What this task involves:
The reply should hold every line of the listing exactly, and none of its images.

Stored data:

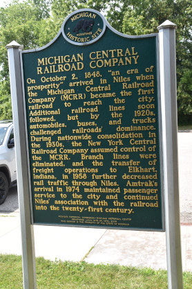 Niles, as such, was not settled until 1823 by Virginian Isaac Thompson. It was officially founded in 1839 and named after then-famous Baltimore journalist Hezekiah Niles. The town was incorporated as the first city in Berrigen County in 1859. The Michigan Central came through Niles in 1848-1849. The Michigan Air-Line and Big Four had also laid routes through the city by 1871 and 1882 respectively. The current passenger routes move on the former Michigan Central rails now owned by Amtrak, the other routes having been abandoned over the years.
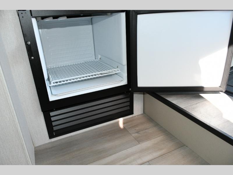 The galley is equipped with a portable induction cooktop, microwave oven, and a double-door refrigerator, giving you everything needed to prepare meals on the go. The wet bath provides full convenience with a cassette toilet, power vent, and deluxe shower curtain. Multiple opening windows, a screen door, and patio awning prep ensure you can enjoy the outdoors comfortably while staying protected from the elements.
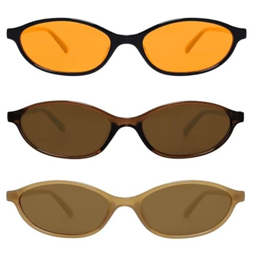GUVIVI Retro Oval Sunglasses for Women Chic Cat Eye 90s Sunnies Lightweight Narrow Shades Trendy UV protection Sun Glasses

Answer box:
 Niles, as such, was not settled until 1823 by Virginian Isaac Thompson. It was officially founded in 1839 and named after then-famous Baltimore journalist Hezekiah Niles. The town was incorporated as the first city in Berrigen County in 1859. The Michigan Central came through Niles in 1848-1849. The Michigan Air-Line and Big Four had also laid routes through the city by 1871 and 1882 respectively. The current passenger routes move on the former Michigan Central rails now owned by Amtrak, the other routes having been abandoned over the years.
 The galley is equipped with a portable induction cooktop, microwave oven, and a double-door refrigerator, giving you everything needed to prepare meals on the go. The wet bath provides full convenience with a cassette toilet, power vent, and deluxe shower curtain. Multiple opening windows, a screen door, and patio awning prep ensure you can enjoy the outdoors comfortably while staying protected from the elements.
GUVIVI Retro Oval Sunglasses for Women Chic Cat Eye 90s Sunnies Lightweight Narrow Shades Trendy UV protection Sun Glasses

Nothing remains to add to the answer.